Die Praxis hätte die Kinder gar nicht abweisen dürfen

Trotzdem: Eigentlich hätten die Kinder in der Münchner Praxis gar nicht abgewiesen werden dürfen. „Die Vorsorge bei Kindern und Jugendlichen ist nicht budgetiert“, erklärt KZVB-Sprecher Tobias Horner. „Das war offensichtlich ein Missverständnis.“ Bei dem Zahnarzt habe man über die entsprechende Ausnahme-Bestimmung wohl nicht Bescheid gewusst. In der Praxis selbst ließ sich der Vorfall auf AZ-Anfrage nicht ganz klären.

Conny R., die Mutter der Buben, ist wütend. „Wir sind wirklich in einer Zwei-Klassen-Gesellschaft angekommen“, sagt sie. „Ich sehe nicht ein, dass ich immer pünktlich die Versicherung bezahle – und nicht die Leistungen bekomme, die mir zustehen.“ Die Zahnarztpraxis hätte ihr nicht einmal abgesagt.

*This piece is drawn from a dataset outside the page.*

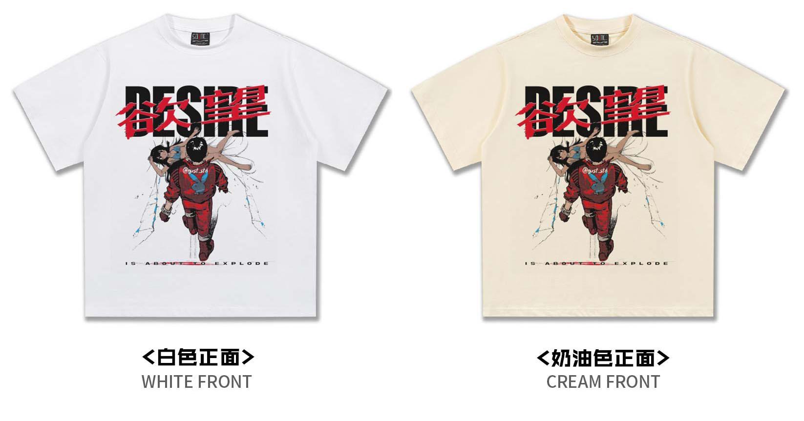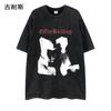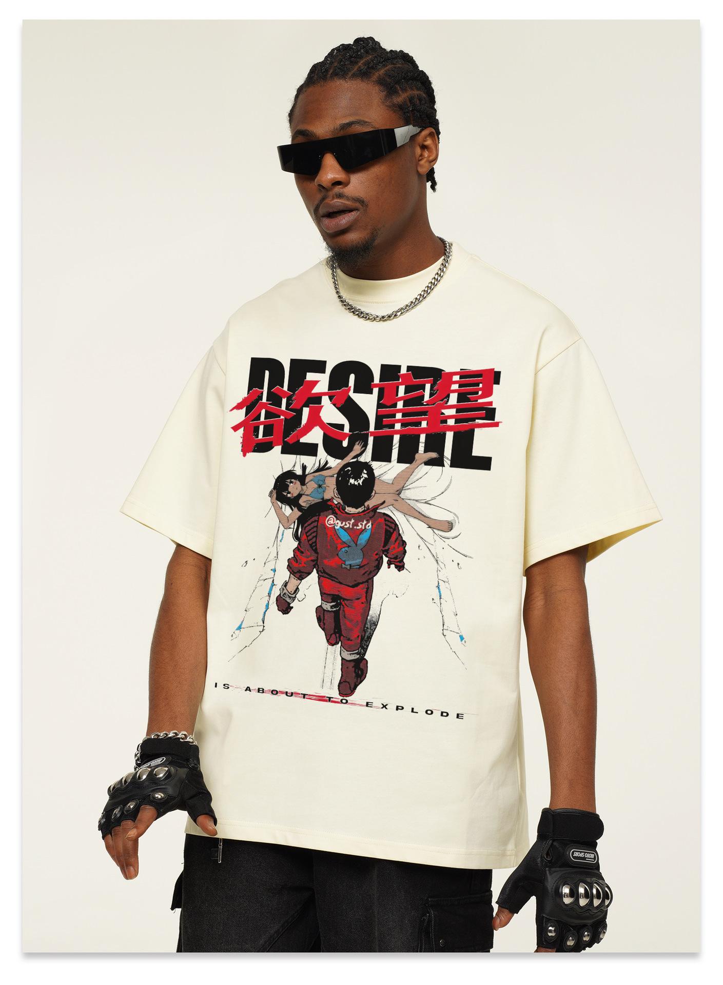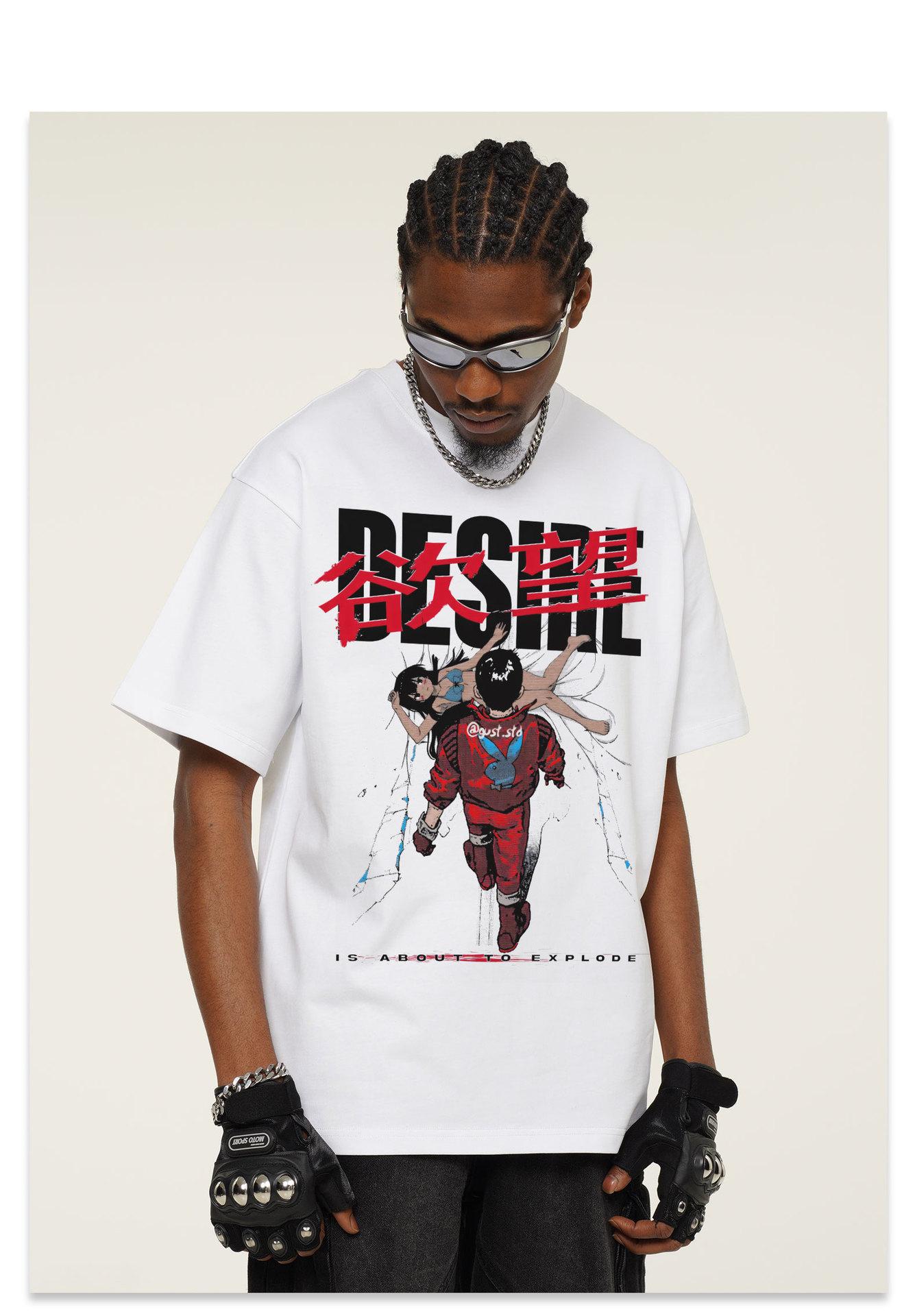 Camiseta de algodón pesado estilo retro americano Akira de verano 2025 con estampado de manga corta para hombre

Sofort hängte Conny R. sich ans Telefon. Sie wollte wissen, was es mit den Puffertagen auf sich hat. Sie rief bei ihrer Krankenkasse an – und bei der KZVB. Letztere habe ihr einen unfassbaren Rat gegeben, erzählt sie: „Mir ist gesagt worden, ich könne ja mit den Kindern in ein anderes Bundesland zum Zahnarzt reisen.“

Schmerzbehandlungen werden trotz Sparkeule durchgeführt

Die Budgetierung war 1993 vom damaligen Gesundheitsminister Horst Seehofer (CSU) eingeführt worden. „Aber der Topf wächst nur sehr langsam. Damit ist nicht mal die Inflationsrate abgedeckt“, klagt Horner von der KZVB. Deswegen die Spar-Keule: Ein Arzt, der seine (gesetzlich versicherten) Patienten an Puffertagen behandelt, muss davon ausgehen, für bestimmte Leistungen im Extremfall nur ein Drittel der eigentlichen Vergütung zu erhalten. Ausgenommen davon sind alle Schmerzbehandlungen, Kieferorthopädie und Zahnersatzbehandlungen. Und: Eigentlich auch die Vorsorgeuntersuchungen für Kinder.

Elias und Quirin selbst waren freilich nicht traurig, dass ihr Termin geplatzt ist. Wer geht schon gerne zum Zahnarzt? Doch ihr „Puffer“ währt nicht mehr lange. In der nächsten Woche haben sie einen neuen Termin.